## TASK GOAL
Write the listing out again word for word. Pictures do not belong in the copy.

## INFORMATION PROVIDED

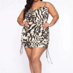 Fashion Nova Paw At My Strings Dress Animal Print Ruched Tie Sides Mini Midi NWT
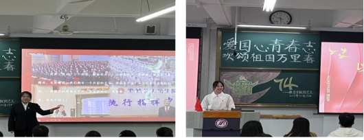 为热烈庆祝中华人民共和国成立74周年,厚植员工党员爱党爱国情怀,弘扬爱国主义精神,充分发挥“以党建带团建,以团建促党建”的实效,威廉希尔williamhill中文员工党支部联合团总支员工分会共同开展了“党团共建展画卷 欢颂祖国万里春”爱党爱国主题演讲比赛。唐丹、李乙、杨道扬以及团学代表和员工党支部代表担任比赛评委。
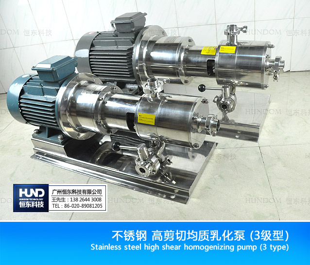 特点: 处理量大,适合工业化在线连续生产,处理黏度范围更广,无批次间生产的品质差异 具有低扬程输送功能, 噪音低,运转平稳、效率更高, 无死角,物料100%通过工作腔,无残留 调速形式: 变频无级调速 高剪切乳化机,适用于分散、乳化、均质、混合、搅拌工艺。

## OUTPUT FOR THIS EXERCISE
 Fashion Nova Paw At My Strings Dress Animal Print Ruched Tie Sides Mini Midi NWT
 为热烈庆祝中华人民共和国成立74周年,厚植员工党员爱党爱国情怀,弘扬爱国主义精神,充分发挥“以党建带团建,以团建促党建”的实效,威廉希尔williamhill中文员工党支部联合团总支员工分会共同开展了“党团共建展画卷 欢颂祖国万里春”爱党爱国主题演讲比赛。唐丹、李乙、杨道扬以及团学代表和员工党支部代表担任比赛评委。
 特点: 处理量大,适合工业化在线连续生产,处理黏度范围更广,无批次间生产的品质差异 具有低扬程输送功能, 噪音低,运转平稳、效率更高, 无死角,物料100%通过工作腔,无残留 调速形式: 变频无级调速 高剪切乳化机,适用于分散、乳化、均质、混合、搅拌工艺。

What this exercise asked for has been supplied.